Orbital time depend on the distance so object close to the sun will orbit at quite a similar speed. All start you can see with you naked eye are with 4,000 light years.

If you look at the 300 brightest start the median is 185 light year with the distribution below

* <10 light years = 2 stars (Sirius and Rigel)
* 10-100 light years = 79 stars
* 101-1000 light years = 200 stars
* 1000 light years = 19 stars

The result is a consolation change but quite slowly. It is called https://en.wikipedia.org/wiki/Proper_motion and is measured. most start motion is less the 10 mas per year so it is not a lot.

Barnard’s Star moves faster at 10,000 mas per year it is 6 light years from us but it is to dim to see with your naked eye.

61 Cygni A is the faster visible at 5281 mas per year but in 2000 it is still just 3 degrees.
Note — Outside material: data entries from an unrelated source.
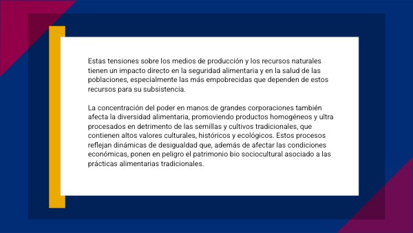 Además, el control del mercado por parte de conglomerados favorece una distribución desigual, en la que las grandes empresas que acumulan capital dejan en desventaja a los pequeños productores y a las comunidades tradicionales, intensificando las desigualdades sociales y económicas. La subida de precios en los alimentos, junto con la imposibilidad de acceder a una oferta diversificada y culturalmente adecuada, refuerza las brechas de acceso y pone en peligro la soberanía alimentaria de los países. Por último, se pone de manifiesto que la falta de regulación efectiva permite que estos monopolios sigan expandiendo su poder sin límites, afectando la calidad, la disponibilidad y la accesibilidad de los alimentos en el mundo.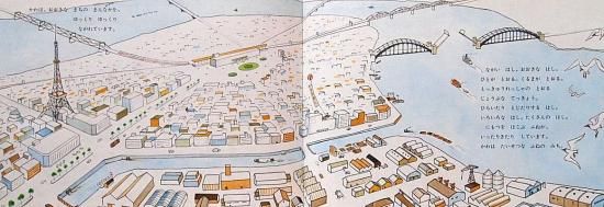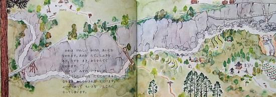 高い山の雪解け水から、ダムの発電所、田んぼのわきを緩やかに流れ、最後は海へ。横長のページに壮大な川の旅が描かれています。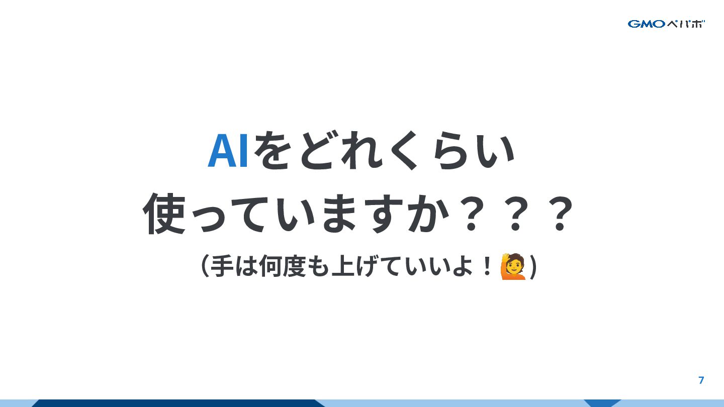 7 AIをどれくらい 使っていますか??? (⼿は何度も上げていいよ!🙋) AI前提における前提とは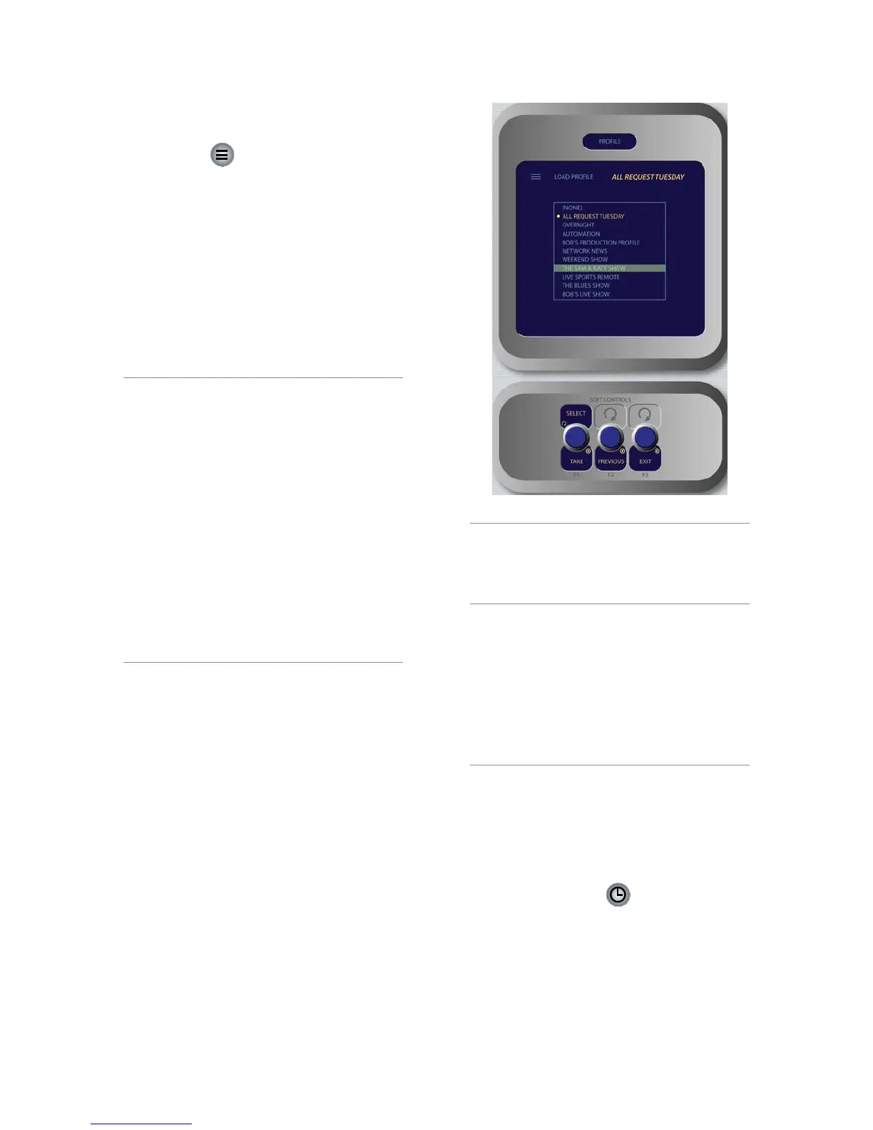 the on-screen list of available Show Profiles. Push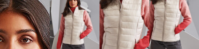 Tonal reverse coil zip on centre front with signature zip puller and internal storm flap with chin guard. Horizontal stitched sandwiched narrow baffles. Tonal reverse coil zip pockets with upper zip garages. Stretch binding around armholes for added protection. Side seam shaped panelling. Packable bag. Internal signature back neck hanger loop. 250gsm lightweight polyester fill. Inside binding around seams. Product contains no branded neck label.* Removable Kimble or looped garment tags. Inner seam label holds important product information on one label with a second label containing brand information which can be cut-away.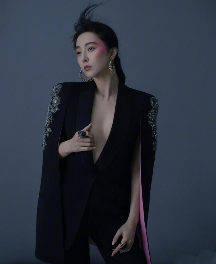 范冰冰身穿一件黑色套装,这款套装的设计非常有特点,这套装虽然是黑色元素来设计的,但她是连体的款式,上身的位置是采用披肩裁剪方式来设计的,衣袖两侧的位置是刺绣的图案,它这个刺绣是采用珍珠和银色饰品来设计的,非常时尚别致,深V领的设计凸出性感女人的韵味,加上衣袖内侧是粉红色的衣料,金色的圆形大耳环和她一脸粉色彩妆相得映彰,衬得整体造型高级不少。

It is not a bright start but visible.

The brightest star Sirius moves at 461mas/year is 0.25 degrees in 2000 years

So constellation does change but it is quite slow.

Anonymous 0 Comments

that’s a bit like asking “why hasn’t the season changed in the last ten minutes even though the earth has been orbiting the sun for that whole time?”

the sheer scale of the galaxy is incomprehensibly large. 5000 years is nothing on that scale, the stars have all barely had a chance to move

Anonymous 0 Comments

All the stars that we can see in the sky are relatively close by, within about a hundred light years (the galaxy is a hundred _thousand_ light years across). This local group of stars travels around the center of the galaxy at about the same speed, so the speed of the Sun relative to the nearby stars is low, compared with the distance to these stars. Also distances in space are very, very large. Unimaginably large. You literally have no idea how big interstellar space is.

Anonymous 0 Comments

Distances in the universe are incredibly huge, so that even the great speed at wich stars move around the galaxy is extremely slow in comparision.

One “galactic year” is 230 million earth years. The last time the sun was in this position was before the first dinosaurs.

Those 5000 years humans have mapped stars are just the blink of an eye on that timescale. Stars changed positions, but not noticable for us.